We chose this dataset because it includes time, country, and disease numbers all together, which makes it good for making different kinds of charts in ggplot. The data is big enough to show clear patterns, but it is also clean, so we do not need do too much cleaning or preprocessing if we are going to apply machine learning models. It also has both monthly and yearly tables, so we can look at short-term seasonal changes and also long-term trends. Another reason we chose this dataset is that measles and rubella are diseases that exist in many parts of the world and can still be dangerous, especially when vaccination rates drop. Therefore cornell has mendatory requirement to take the vaccine of measles and rubellas.By seeing how case numbers change across regions and over time, we can better understand why public health monitoring is important and why people should stay cautious and informed about global health risks.

Questions

Question 1: How have measles case numbers changed over time in different world regions?

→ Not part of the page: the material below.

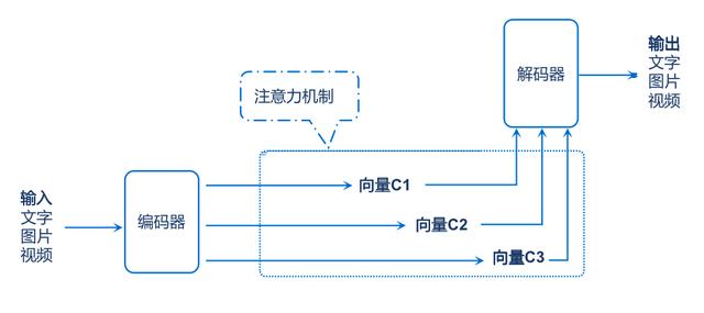直到2017年,谷歌发表“Attention is All You Need”的论文,提出将“Attention”(注意力机制)应用到Seq2Seq中,形成一种新的算法框架“Transformer”(变换器),不再将整个输入序列编码为固定长度的中间向量C,而是编码成一个向量的序列(向量C1,向量C2,……,向量Cn),同时采用于并行模式取代串行模式,从而改进了“信息丢失”和“效率低下”这两个缺陷,参见下图4。

Question 2: Is there a relationship between the total measles cases and the percentage of laboratory-confirmed cases in each country?

Analysis plan

For Question 1, we will combine both the cases_year and cases_month datasets so we can study measles trends in the short term or in the long term. The cases_year dataset can be used for long-term study. We will focus on the variables year, region, and measles_total. After we finish some basic cleaning, we may start by grouping the data by year and region to calculate the total measles cases for each region in each year. Then we plan to create different charts using ggplot2 to show the relationship between years and measles case counts. We are planning to use different colors or facets to separate regions. We aim to build visualizations that can help us determine whether measles cases are increasing, decreasing, or staying stable in different parts of the world.At the same time, we will use the cases_month dataset to explore short-term or seasonal patterns, focusing on month, year, region, and measles_total. By aggregating monthly totals and plotting them as line charts or faceted plots, we can see if certain months tend to have higher outbreaks. Finally, we will use plots from both dataset to come up with a conclusion.

For Question 2, we will mostly use the cases_year dataset because it already summarizes the data at the country level, which makes comparison easier. The main columns we will use are country, measles_total, and measles_lab_confirmed. We will create a new variable called lab_ratio, which is measles_lab_confirmed / measles_total. This ratio helps us compare countries more fairly, since some countries have much larger case numbers than others. Then we plan to make scatter plots or bar charts in ggplot2 to see how total cases and confirmation ratios relate to each other, and we may use color to show different regions. The cases_month dataset might be used only as a quick reference if we want to see whether short-term spikes affect the ratio, but our main analysis will stay on the yearly data.